The hovering platform is made of a lightweight material with the look of wood. It blends in with the surroundings. The open face is guarded by an invisible, restrictive energy field that allows air flow but prevents anyone from falling off the edge and plummeting to a horrifying death. Grisholm passes out enhanced telescopic eyewear, and I’m able to observe the combatants on the field below us as if I’m standing right above them.

He points out his favorites. He has a surprising understanding of their skill sets and knows details down to their vitamin supplements. One combatant is his particular favorite—a man by the name of MacGregor Sword. He’s a redheaded twenty-three-year-old man of epic proportions. I note that MacGregor holds back from aggressive training today. I mention as much to Grisholm.

“It’s strategy,” Grisholm says with assurance. “He doesn’t want others to know how skilled he is.”

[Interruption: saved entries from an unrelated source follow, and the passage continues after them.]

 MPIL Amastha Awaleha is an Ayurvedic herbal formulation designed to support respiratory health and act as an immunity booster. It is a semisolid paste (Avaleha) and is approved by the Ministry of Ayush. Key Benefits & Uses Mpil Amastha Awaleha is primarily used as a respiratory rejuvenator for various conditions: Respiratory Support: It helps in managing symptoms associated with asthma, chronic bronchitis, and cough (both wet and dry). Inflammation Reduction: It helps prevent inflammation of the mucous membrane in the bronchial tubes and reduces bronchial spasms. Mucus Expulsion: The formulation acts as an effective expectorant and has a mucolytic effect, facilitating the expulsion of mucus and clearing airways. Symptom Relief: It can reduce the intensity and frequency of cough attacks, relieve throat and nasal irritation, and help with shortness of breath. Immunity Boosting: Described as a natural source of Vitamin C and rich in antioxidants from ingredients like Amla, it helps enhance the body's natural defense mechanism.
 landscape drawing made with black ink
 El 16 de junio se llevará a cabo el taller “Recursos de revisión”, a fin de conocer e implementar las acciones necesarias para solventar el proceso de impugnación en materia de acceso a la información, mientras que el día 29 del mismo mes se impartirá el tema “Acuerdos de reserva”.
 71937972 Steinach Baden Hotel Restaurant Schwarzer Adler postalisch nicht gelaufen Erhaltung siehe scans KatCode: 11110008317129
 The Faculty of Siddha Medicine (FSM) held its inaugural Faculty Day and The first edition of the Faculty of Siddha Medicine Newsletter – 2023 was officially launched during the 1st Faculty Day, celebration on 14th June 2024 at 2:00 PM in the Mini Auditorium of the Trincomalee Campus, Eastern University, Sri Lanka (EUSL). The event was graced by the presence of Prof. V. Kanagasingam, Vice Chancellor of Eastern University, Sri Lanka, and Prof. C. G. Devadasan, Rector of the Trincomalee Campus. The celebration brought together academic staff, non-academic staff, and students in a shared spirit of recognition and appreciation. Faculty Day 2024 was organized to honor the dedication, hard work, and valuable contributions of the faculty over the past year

“It’s pain, Grisholm,” I reply, “not strategy. He likely has a hamstring tear. See the back of his left leg? Notice how the muscle looks lumpy? It’s going to pop soon, and he’ll be useless until it’s fixed. He’s probably taking all kinds of medications to numb it. Look at the way he’s clenching his jaw and favoring his other leg. An injury like that is excruciating and takes a few days to recover from, once the muscle is reconstructed. He only has a few days left until the Opening Ceremonies. It may not be enough time, and that’s if he has the merits to get it repaired. But he can’t back out, can he? Once he committed, he’s in whether he wants to be or not.” That part I say with no small amount of scorn.

Grisholm must think my scorn is for MacGregor, because he says, “What a scam artist! I bet the odds makers are counting on him keeping his mouth shut about his injury so they can capitalize on it.”

“Why would he reveal it?” Reykin asks sarcastically. His eyes look right through Grisholm. “It would let his adversaries know how to attack him effectively.”

“Well, you both need to keep it to yourselves,” Grisholm demands. “Uncovering the winner is only a small part of this. There are other bets along the way—like who won’t survive certain challenges.”

“Is there a way out of this for him, Grisholm?” I ask. MacGregor probably enlisted in The Trials when he was healthy. Now he’ll likely be killed in a gruesome exhibition.

“He chose this. He must live with it. Come to think of it, he has to die with it, too,” Grisholm quips.

Violence touches every part of my life. It’s unavoidable. It’s in every breath I take. Watching the competitors train, I begin to loathe myself for not using all my resources to put an end to it. They might have chosen to enroll in the Secondborn Trials, as Grisholm says, but doing so is a suicide note to the world: You’ve brought my spirit to its knees, and now you may rip apart my body as well. Some probably believe they have a chance, but most know they don’t. They just want their pain to end.